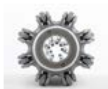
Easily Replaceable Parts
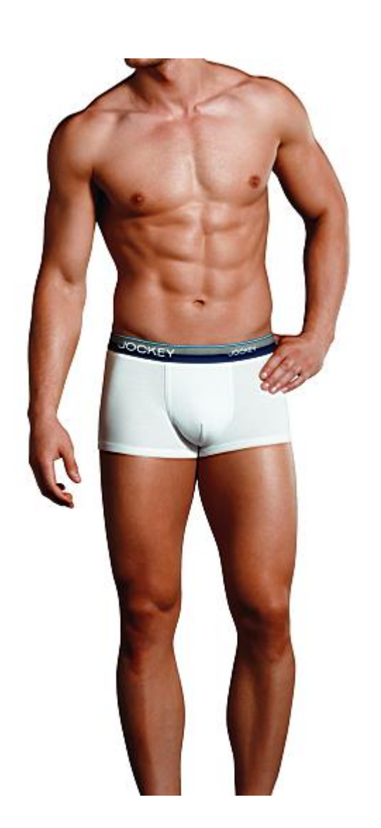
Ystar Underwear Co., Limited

##############################

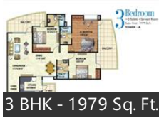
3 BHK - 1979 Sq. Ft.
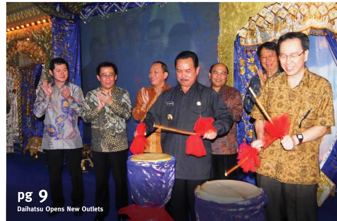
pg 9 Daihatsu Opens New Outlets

##############################

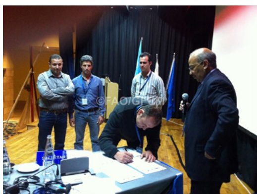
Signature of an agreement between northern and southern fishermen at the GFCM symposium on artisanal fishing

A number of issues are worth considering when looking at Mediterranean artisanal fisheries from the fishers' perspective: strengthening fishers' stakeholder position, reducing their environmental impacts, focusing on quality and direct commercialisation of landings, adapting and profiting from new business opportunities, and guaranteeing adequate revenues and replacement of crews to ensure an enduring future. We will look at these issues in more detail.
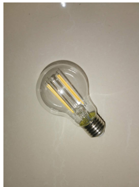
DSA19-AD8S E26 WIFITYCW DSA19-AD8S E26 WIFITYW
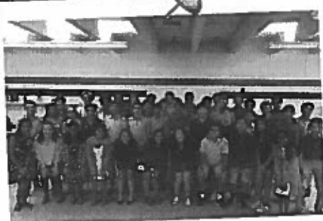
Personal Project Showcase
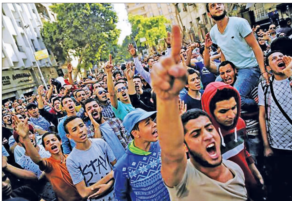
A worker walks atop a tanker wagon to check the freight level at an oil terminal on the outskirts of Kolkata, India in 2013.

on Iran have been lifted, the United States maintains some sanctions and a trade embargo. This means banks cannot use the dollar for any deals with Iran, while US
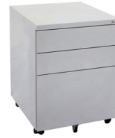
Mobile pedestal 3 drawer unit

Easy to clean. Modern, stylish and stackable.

##############################

### The task:
Tally the lines of the material that hold the word "artisanal", and state only that tally.

### Output of the exercise:
2